What you are asked to do:
The whole listing is to be given again without alteration, except that its pictures are dropped.

Records for the task:
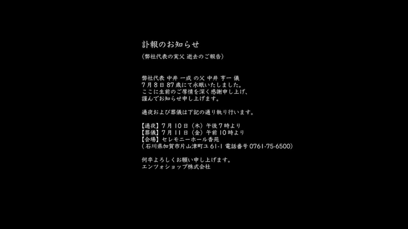 7月8日 87歳にて永眠いたしました。ここに生前のご厚情を深く感謝申し上げ、謹んでお知らせ申し上げます。
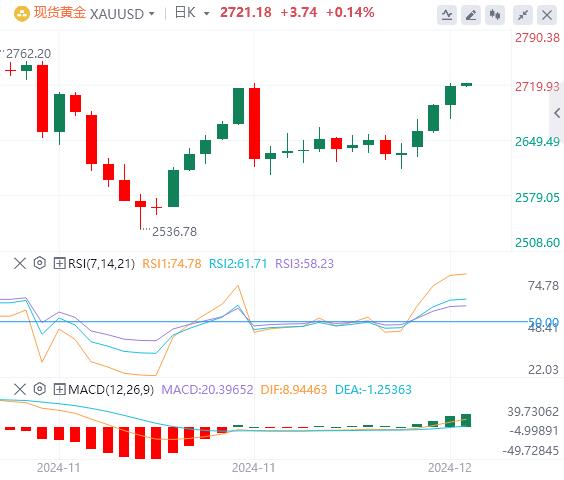周四亚盘,黄金交投于2721.18附近。在美国(US)通胀数据发布后,金价周三延续了上涨趋势。随着通货紧缩进程的发展,对美联储(Fed)下周降息的预期再次得到证实,但速度较慢。美国劳工统计局(BLS)显示,美国11月消费者价格指数(CPI)保持坚挺,总体和核心数据与经济学家的月度和年度估计一致。
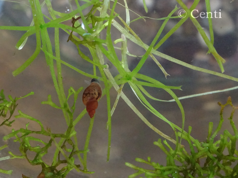 Und weil wir schon beim Thema sind, kann ich auch Fotos von einer meiner Blasenschnecken zeigen (ich weiß nach wie vor nicht genau, wie viele das eigentlich sind - die winzigen Viecher verlaufen sich in dem verhältnismäßig riesigen Gurkenglas total. Vor allem wenn sie irgendwo in den Pflanzen sitzen, sieht man sie einfach nicht. Was ja sicher schön ist für die Schnecken).
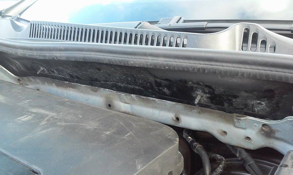 Според мен липсва някаква пластмасова кора, която се захваща с щипки през дупките с пластмасови гайки през двете шпилки и се захваща и с уплътнението (защипва се и с него). Номера на рамата мисля, че е под чистачките при горната пластмаса. Може в КАТ да са гледали да не е рязано нещо там по купето и да са свалили тази кора.
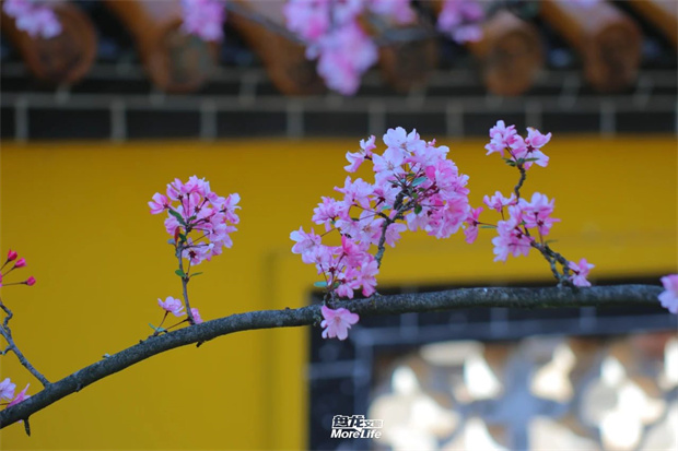 當(dāng)梅香褪去最后一縷暗香,公園里的垂絲海棠正以漫天緋云的姿態(tài),在古建筑群中織就層層疊疊的春意。有的花枝疊影
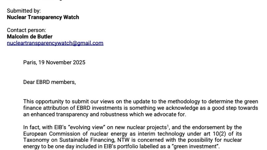 Therefore, you will find here NTW’ submission on EBRD green finance attribution underlining 4 important reasons advocating against the possibility to consider the nuclear energy as sustainable or “green”:
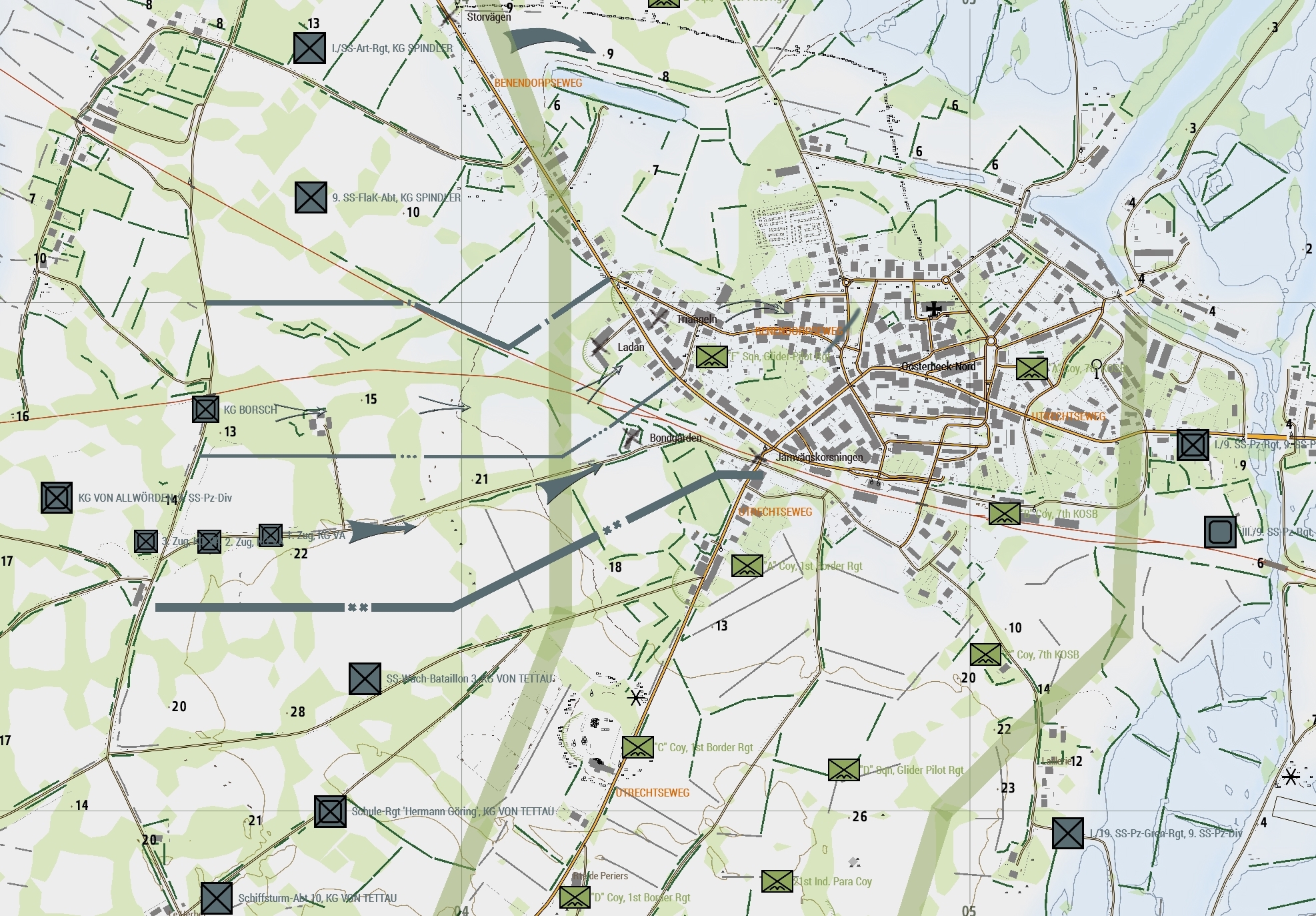 9. SS-Panzer-Division ‘Hohenstaufen’ ansvarar för den norra och östra delen av fickan. En bataljonsstridsgrupp från 9. SS-Pz-Rgt anfaller österifrån understödda av stridsvagnar i syfte att ta stadskärnan. Kampfgruppe SPINDLER anfaller till vänster om oss i syfte ta terrängen norr om OOSTERBEEK. Ett kompani ur KG SPINDLER utgör vår reserv.
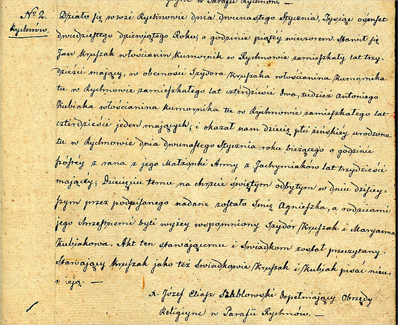 Birth Record No. 2, Rychnów, parish of Rychnów, Kalisz, of Agnieszka Kruszak, born in Rychnów on 12th January 1829, at 6 am, christened on 12th January 1829, at 5 pm, daughter of Jan Kruszak, a tenant farmer from Rychnów, 30 years old, and of his wife, Anna, born Jachymiak, 30 years old. Witnesses: Izydor Kruszak, a tenant farmer from Rychnów, 41 years old, and Antoni Kubiak, a tenant farmer from Rychnów, 41 years old. Godparents: the above-mentioned Izydor Kruszak and Marianna Kubiakowa (wife of Kubiak).

Completed task:
 7月8日 87歳にて永眠いたしました。ここに生前のご厚情を深く感謝申し上げ、謹んでお知らせ申し上げます。
周四亚盘,黄金交投于2721.18附近。在美国(US)通胀数据发布后,金价周三延续了上涨趋势。随着通货紧缩进程的发展,对美联储(Fed)下周降息的预期再次得到证实,但速度较慢。美国劳工统计局(BLS)显示,美国11月消费者价格指数(CPI)保持坚挺,总体和核心数据与经济学家的月度和年度估计一致。
 Und weil wir schon beim Thema sind, kann ich auch Fotos von einer meiner Blasenschnecken zeigen (ich weiß nach wie vor nicht genau, wie viele das eigentlich sind - die winzigen Viecher verlaufen sich in dem verhältnismäßig riesigen Gurkenglas total. Vor allem wenn sie irgendwo in den Pflanzen sitzen, sieht man sie einfach nicht. Was ja sicher schön ist für die Schnecken).
 Според мен липсва някаква пластмасова кора, която се захваща с щипки през дупките с пластмасови гайки през двете шпилки и се захваща и с уплътнението (защипва се и с него). Номера на рамата мисля, че е под чистачките при горната пластмаса. Може в КАТ да са гледали да не е рязано нещо там по купето и да са свалили тази кора.
 當(dāng)梅香褪去最后一縷暗香,公園里的垂絲海棠正以漫天緋云的姿態(tài),在古建筑群中織就層層疊疊的春意。有的花枝疊影
 Therefore, you will find here NTW’ submission on EBRD green finance attribution underlining 4 important reasons advocating against the possibility to consider the nuclear energy as sustainable or “green”:
 9. SS-Panzer-Division ‘Hohenstaufen’ ansvarar för den norra och östra delen av fickan. En bataljonsstridsgrupp från 9. SS-Pz-Rgt anfaller österifrån understödda av stridsvagnar i syfte att ta stadskärnan. Kampfgruppe SPINDLER anfaller till vänster om oss i syfte ta terrängen norr om OOSTERBEEK. Ett kompani ur KG SPINDLER utgör vår reserv.
 Birth Record No. 2, Rychnów, parish of Rychnów, Kalisz, of Agnieszka Kruszak, born in Rychnów on 12th January 1829, at 6 am, christened on 12th January 1829, at 5 pm, daughter of Jan Kruszak, a tenant farmer from Rychnów, 30 years old, and of his wife, Anna, born Jachymiak, 30 years old. Witnesses: Izydor Kruszak, a tenant farmer from Rychnów, 41 years old, and Antoni Kubiak, a tenant farmer from Rychnów, 41 years old. Godparents: the above-mentioned Izydor Kruszak and Marianna Kubiakowa (wife of Kubiak).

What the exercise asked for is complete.